Будаев Геннадий


ЖИВИ!

 
22 июл в 12:49ЖИВИ!
Странные события. Странные встречи.
 
*************************************
Дядя Саша помирал от рака.
 
Сгорал. Сгорал медленно, но уверенно и бесповоротно. Это был приговор, который обжаловать было невозможно.
У каждого своя планида, как говорили бабки. У каждого человека есть место на земле, где его существованию будет поставлена точка.
Как и любой приговорённый, он надеялся на чудо. Но эта надежда была настолько призрачной, что она скорее являлась обезболивающим лекарством, но никак не лечащим.
 
Он знал это, но не паниковал. Ждал смиренно, иногда выходя на короткие прогулки вокруг своего дома. Опираясь на тросточку он медленно шёл вдоль дороги и с каким-то пристальным,
прощальным вниманием впитывал в себя проходящих мимо людей, проезжающие машины и бегающую детвору.
 
Его не страшил близкий конец, и у него в голове плавным вихрем крутился рой воспоминаний, теперь уже о прошедшей пятидесятилетней жизни.
- Пятьдесят лет! – подумал Сашка, - Пятьдесят. Подарок мне однако припасла жизнь на мой юбилейчик. Маловато конечно… Можно было-бы и ещё лет тридцать… А впрочем – все там будем. Днём раньше, днём позже, какая разница….»
 
После второго – третьего круга, он начинал уставать. Лицо его покрывалось тяжёлыми каплями пота, и он, с трудом справляясь с болезненной одышкой, возвращался домой.
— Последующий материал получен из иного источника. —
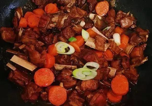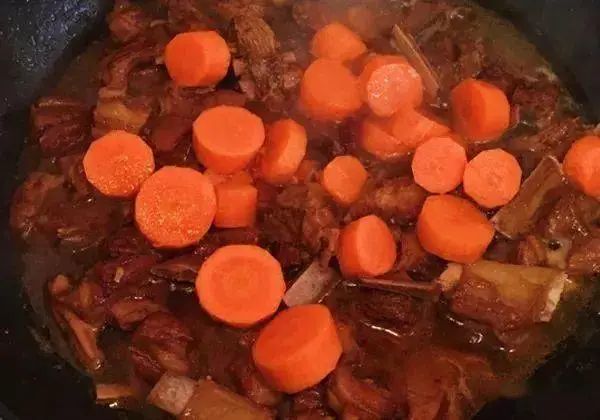 7.将胡萝卜放到快煮好的羊排里,翻炒几下,加盐调味,再焖煮二十分钟。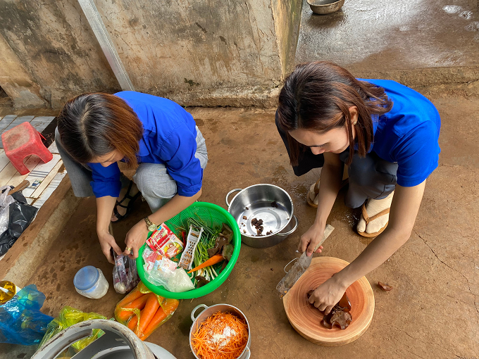 Chuẩn bị các món cho bữa cơm với mẹ Việt Nam anh hùng

Потом не спеша, с трудом раздевался, ложился в постель, и взяв в руки какую-нибудь книгу начинал читать.
 
К нему часто подходила жена и дети, которые, теперь, почти каждый день приезжали домой со внуками. Внуки вообще ничего не понимали, что происходит, и часто звали деда поиграть с ними. Жена всё время улыбалась, но, не подавая вида, тем не менее сильно страдала от того, что происходит. Дети копошились по дому, делали ремонты, чего-то двигали, что-то готовили. Но отпечаток тревожного ожидания не сходил с их лиц.
 
Он это видел. Он это понимал, но делал вид, что всё хорошо, и скоро будет вообще нормально.
Все всё знали, и все всё понимали.
 
Осознавая, что всё кончено, дядя Саша, лёжа в своей кровати, и, ощущая первые, пока терпимые боли, в спине и руках, начинал мысленно перелистывать страницы своей прожитой жизни.
Он гордился своей прожитой жизнью. Он прожил её не впустую. Сколько всего было. Яркие, неповторимые мгновения. Сколько всего сделано. Сколько пережито. Сколько было счастья, переживаний, планов, друзей, женщин… Где они все?... Многие уже там, куда он сам собирается отправиться.
 
Вспоминая всю свою жизнь, он как бы переживал её заново.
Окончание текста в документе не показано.